Monitor Type: cpu (Source)

Accepts Endpoints: No

Multiple Instances Allowed: No

Overview

This monitor reports cpu metrics.

On Linux hosts, this monitor relies on the /proc filesystem. If the underlying host's /proc file system is mounted somewhere other than /proc please specify the path using the top level configuration procPath.

procPath: /proc
monitors:
 - type: cpu

Configuration

To activate this monitor in the Smart Agent, add the following to your agent config:

monitors:  # All monitor config goes under this key
 - type: cpu
   ...  # Additional config

For a list of monitor options that are common to all monitors, see Common Configuration.

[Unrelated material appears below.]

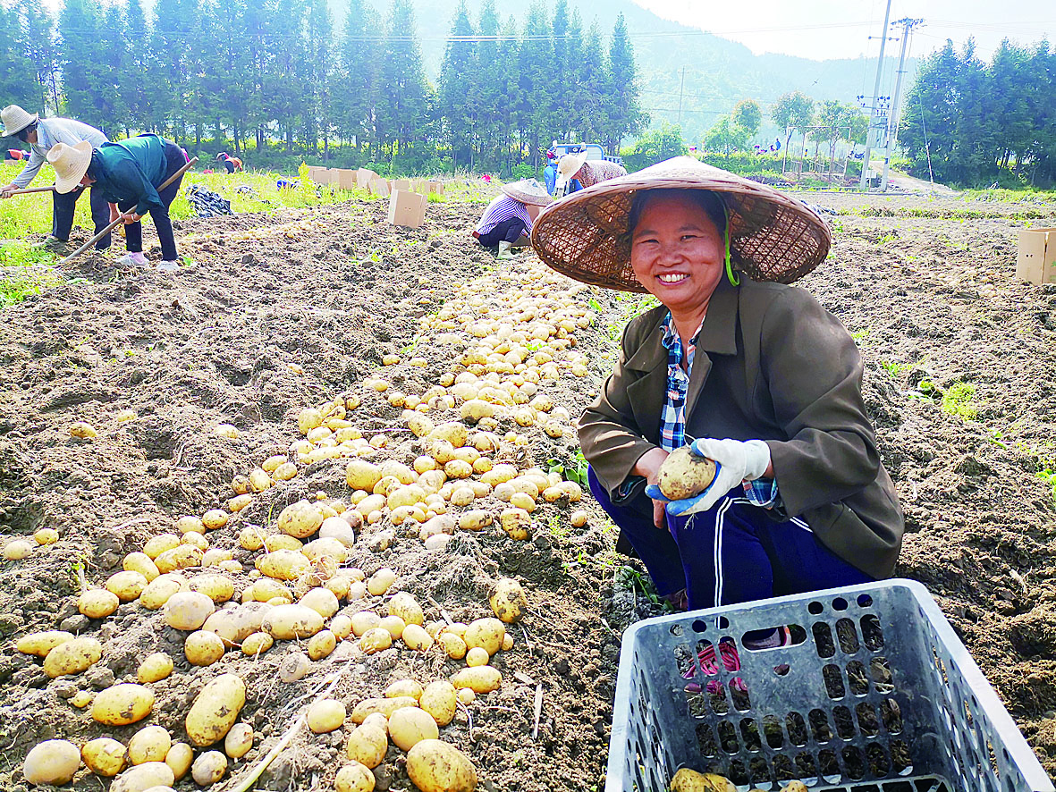 又到土豆丰收季。5月6日,炎陵县水口镇村的水西生态农业科技发展有限公司的土豆种植基地,随着村民们用锄头翻动泥土,一个个土豆破土而出,村民忙着收捡,脸上洋溢着收获的喜悦。

Config option Required Type Description
reportPerCPU no bool If true, stats will be generated for the system as a whole as well as for each individual CPU/core in the system and will be distinguished by the cpu dimension. If false, stats will only be generated for the system as a whole that will not include a cpu dimension. (default: false)

Metrics

These are the metrics available for this monitor. Metrics that are categorized as container/host (default) are in bold and italics in the list below.

  • cpu.idle (cumulative)
    CPU time spent not in any other state. In order to get a percentage this value must be compared against the sum of all CPU states.

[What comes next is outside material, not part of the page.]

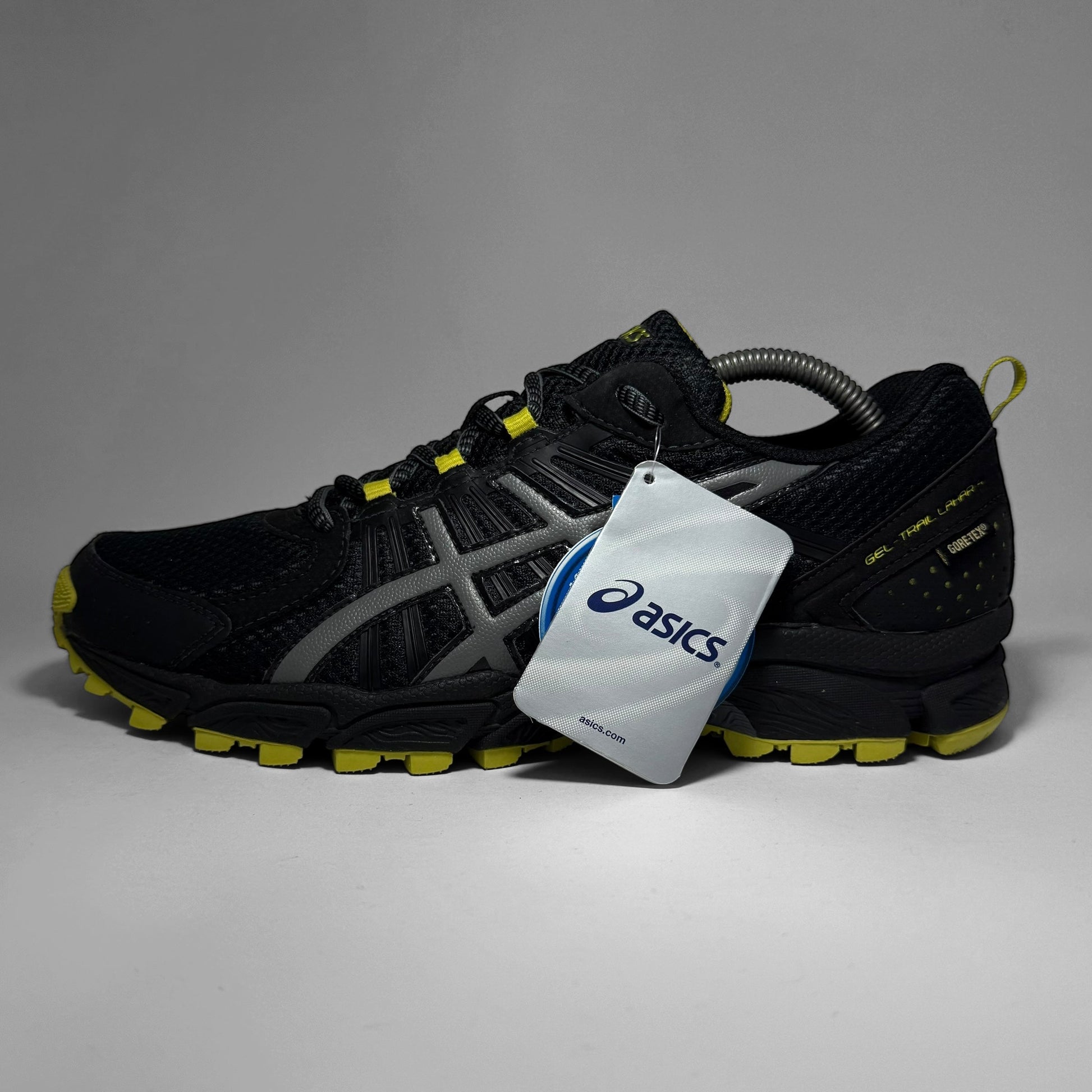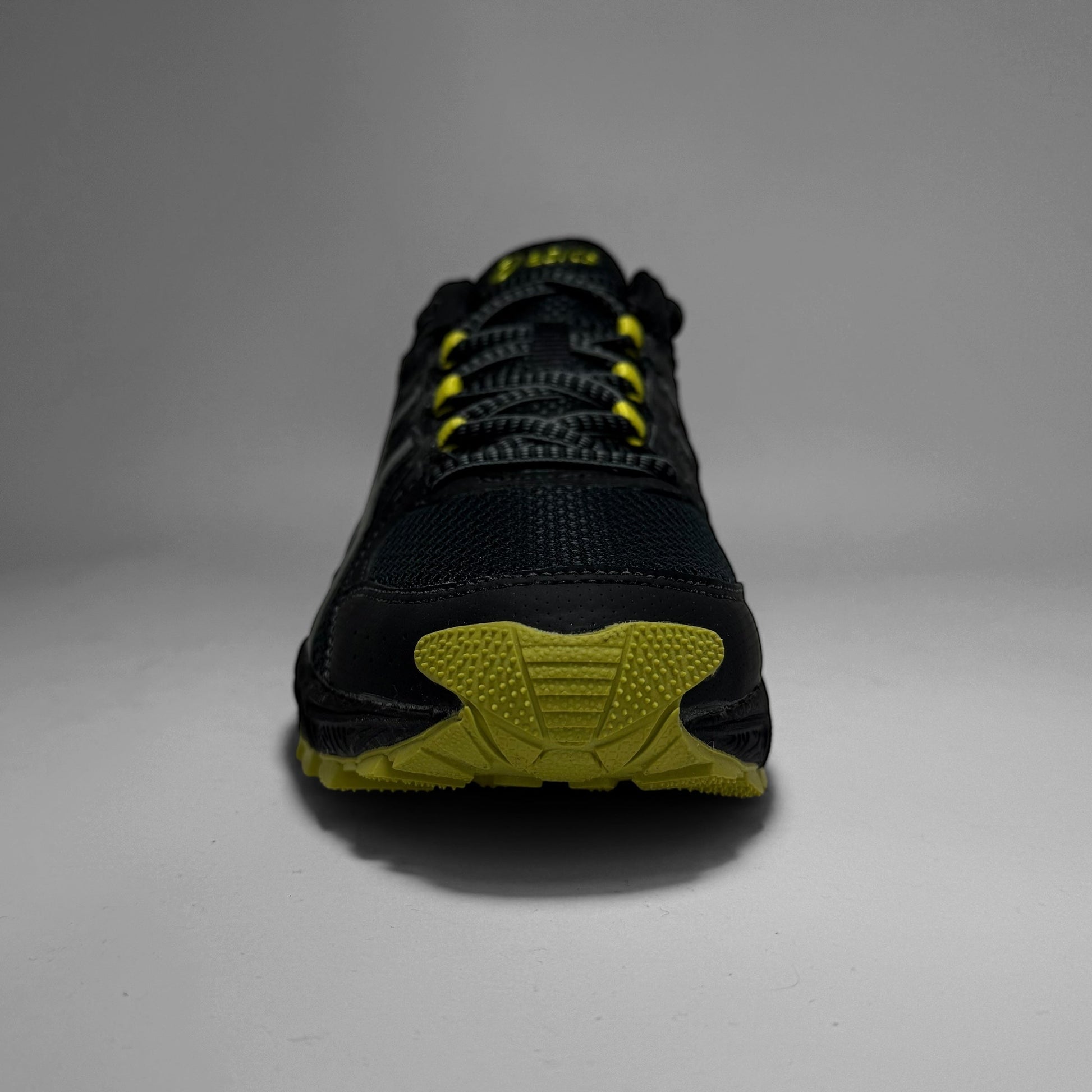 Built for rugged terrain, the Gel-Trail Lahar GTX combines trail-ready durability with all-weather protection. Featuring a Gore-Tex membrane for waterproof breathability, GEL cushioning for impact absorption, and an aggressive outsole for superior traction. Finished in black with grey overlays and yellow detailing.

  • cpu.interrupt (cumulative)
    CPU time spent while servicing hardware interrupts. A hardware interrupt happens at the physical layer. When this occurs, the CPU will stop whatever else it is doing and service the interrupt. This metric measures how many jiffies were spent handling these interrupts. In order to get a percentage this value must be compared against the sum of all CPU states. A sustained high value for this metric may be caused by faulty hardware such as a broken peripheral.

  • cpu.nice (cumulative)
    CPU time spent in userspace running 'nice'-ed processes. In order to get a percentage this value must be compared against the sum of all CPU states. A sustained high value for this metric may be caused by: 1) The server not having enough CPU capacity for a process, 2) A programming error which causes a process to use an unexpected amount of CPU

  • cpu.num_processors (gauge)
    The number of logical processors on the host.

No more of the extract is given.